> Data shown

-.-.-

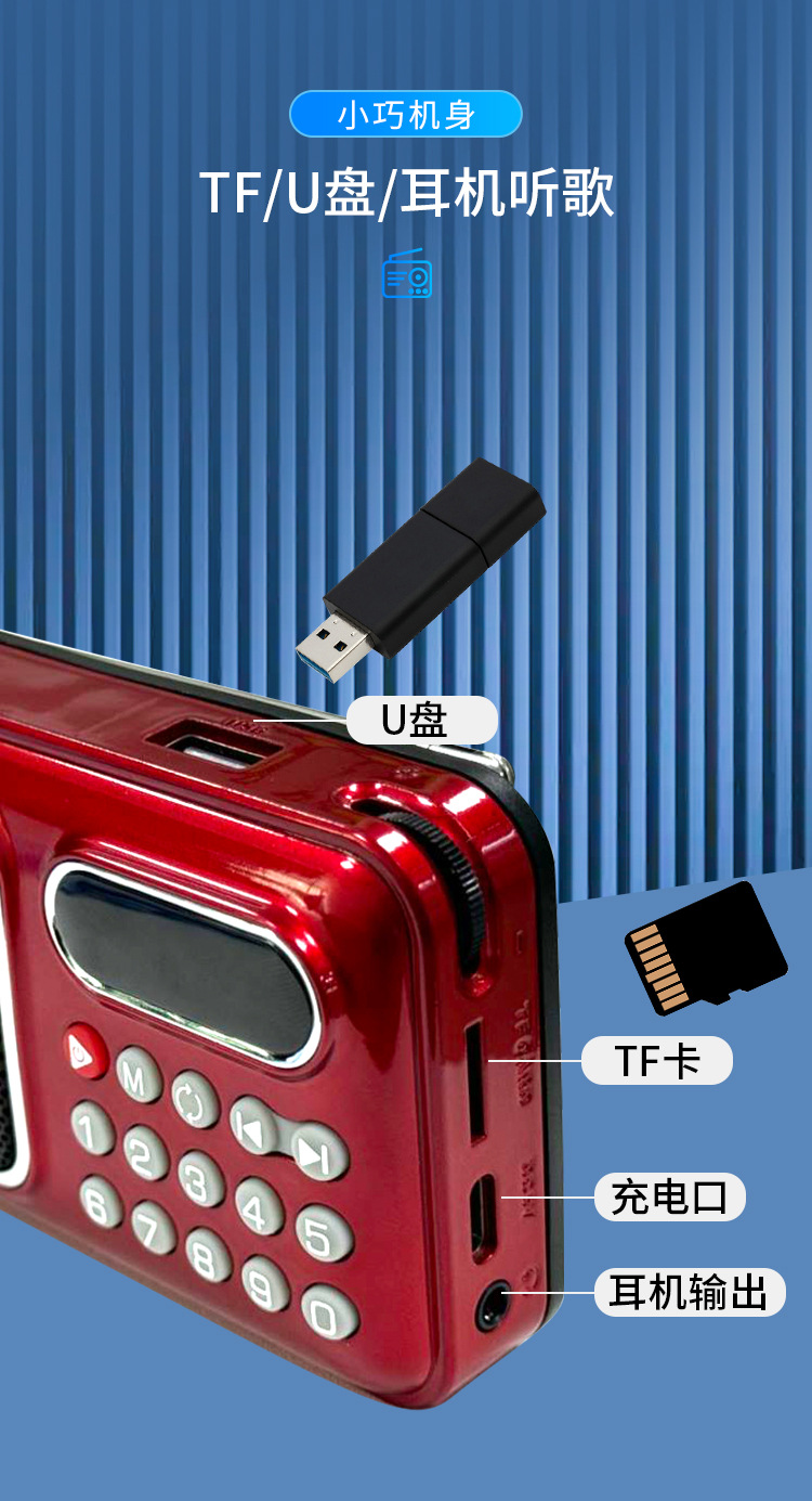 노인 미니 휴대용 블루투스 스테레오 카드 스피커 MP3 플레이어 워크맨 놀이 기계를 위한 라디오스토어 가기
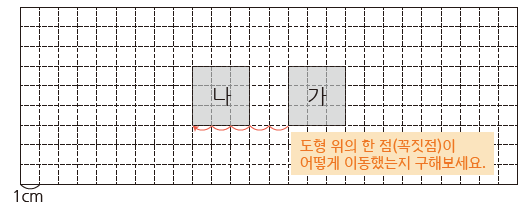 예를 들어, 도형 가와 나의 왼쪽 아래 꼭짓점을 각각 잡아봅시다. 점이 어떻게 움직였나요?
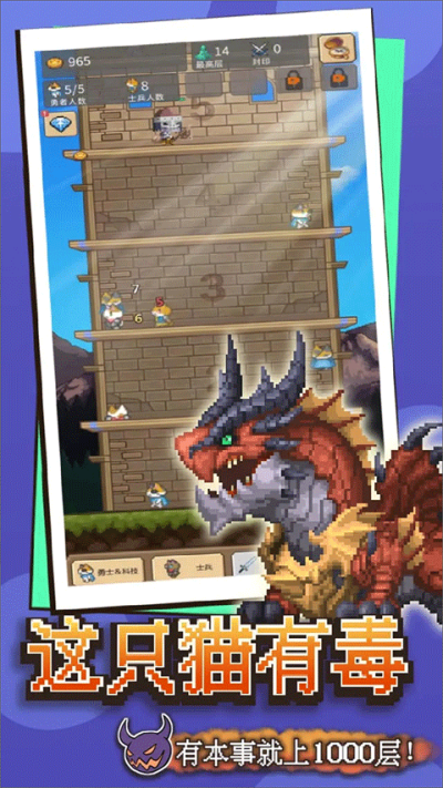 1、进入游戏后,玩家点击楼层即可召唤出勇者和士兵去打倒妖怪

-.-.-

> What you have to do
Only the pictures are to be left out; print everything else in the listing exactly.

> Problem solution
 노인 미니 휴대용 블루투스 스테레오 카드 스피커 MP3 플레이어 워크맨 놀이 기계를 위한 라디오스토어 가기
 예를 들어, 도형 가와 나의 왼쪽 아래 꼭짓점을 각각 잡아봅시다. 점이 어떻게 움직였나요?
 1、进入游戏后,玩家点击楼层即可召唤出勇者和士兵去打倒妖怪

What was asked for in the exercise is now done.